### WHAT YOU WILL DO
Take nothing but the lines from the one with "當(dāng)日,云南省西雙" through the one with "4、問政板塊是掌上問政平臺,可提問、查看" in the entries below, both ends kept, and return them exactly with pictures left out.

### EXERCISE INPUTS
----

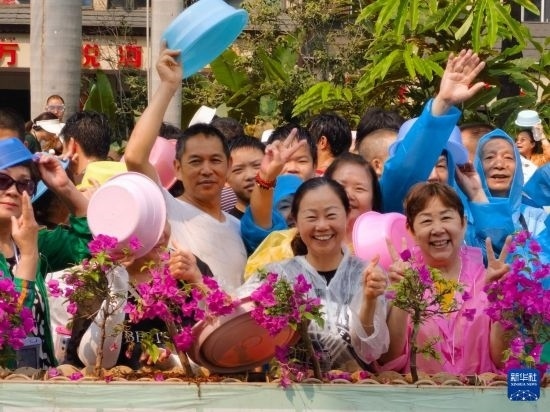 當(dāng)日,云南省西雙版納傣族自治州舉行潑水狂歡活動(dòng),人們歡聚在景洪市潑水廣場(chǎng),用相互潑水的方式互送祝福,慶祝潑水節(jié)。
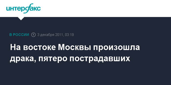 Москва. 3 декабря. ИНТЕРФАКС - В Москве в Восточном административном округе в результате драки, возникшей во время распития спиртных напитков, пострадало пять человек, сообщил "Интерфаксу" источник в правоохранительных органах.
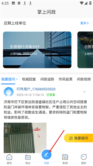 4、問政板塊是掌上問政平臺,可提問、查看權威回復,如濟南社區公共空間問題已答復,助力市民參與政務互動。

----

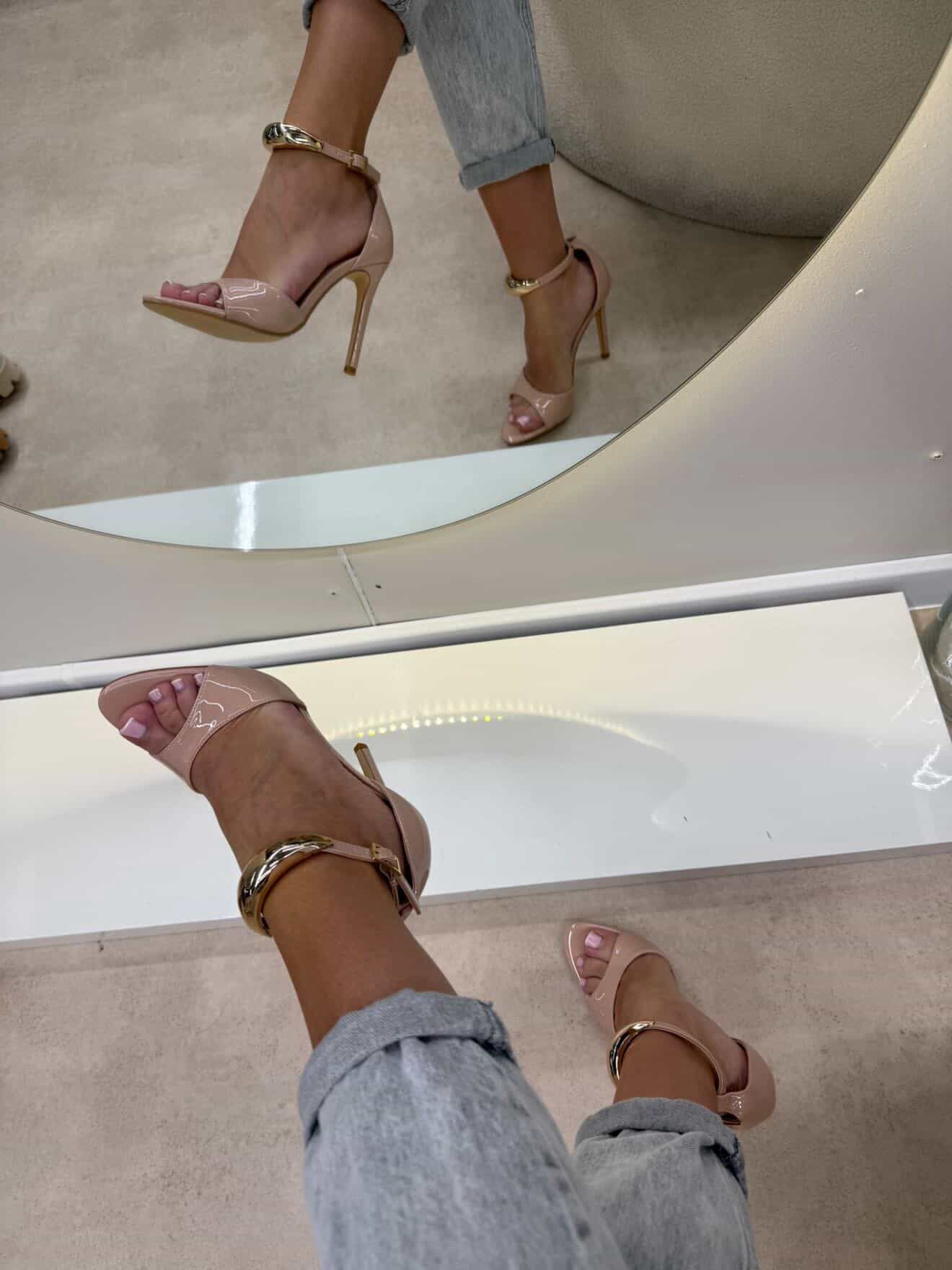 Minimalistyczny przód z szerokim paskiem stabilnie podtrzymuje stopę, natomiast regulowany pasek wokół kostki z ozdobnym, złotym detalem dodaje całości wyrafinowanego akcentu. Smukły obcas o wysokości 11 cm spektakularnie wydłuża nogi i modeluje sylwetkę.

----

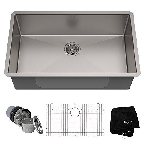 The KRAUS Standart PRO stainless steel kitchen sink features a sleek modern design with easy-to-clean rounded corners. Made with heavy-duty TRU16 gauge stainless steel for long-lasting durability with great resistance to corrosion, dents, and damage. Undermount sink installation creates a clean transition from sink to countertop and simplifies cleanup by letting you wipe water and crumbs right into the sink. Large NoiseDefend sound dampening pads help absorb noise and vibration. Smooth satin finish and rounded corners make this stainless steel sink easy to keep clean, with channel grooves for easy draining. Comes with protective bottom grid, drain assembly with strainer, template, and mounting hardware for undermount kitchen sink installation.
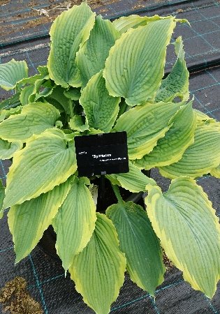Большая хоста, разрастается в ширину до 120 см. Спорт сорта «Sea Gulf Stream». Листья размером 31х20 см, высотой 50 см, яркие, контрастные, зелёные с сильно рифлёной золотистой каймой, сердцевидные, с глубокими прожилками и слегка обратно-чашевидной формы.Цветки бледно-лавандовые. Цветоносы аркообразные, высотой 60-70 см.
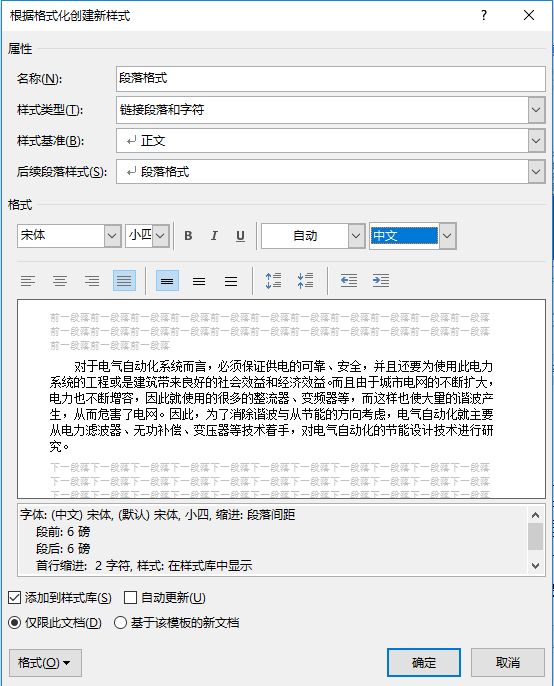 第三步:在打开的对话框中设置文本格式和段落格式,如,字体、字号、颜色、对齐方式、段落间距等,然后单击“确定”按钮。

----

### REPLY
 當(dāng)日,云南省西雙版納傣族自治州舉行潑水狂歡活動(dòng),人們歡聚在景洪市潑水廣場(chǎng),用相互潑水的方式互送祝福,慶祝潑水節(jié)。
 Москва. 3 декабря. ИНТЕРФАКС - В Москве в Восточном административном округе в результате драки, возникшей во время распития спиртных напитков, пострадало пять человек, сообщил "Интерфаксу" источник в правоохранительных органах.
 4、問政板塊是掌上問政平臺,可提問、查看權威回復,如濟南社區公共空間問題已答復,助力市民參與政務互動。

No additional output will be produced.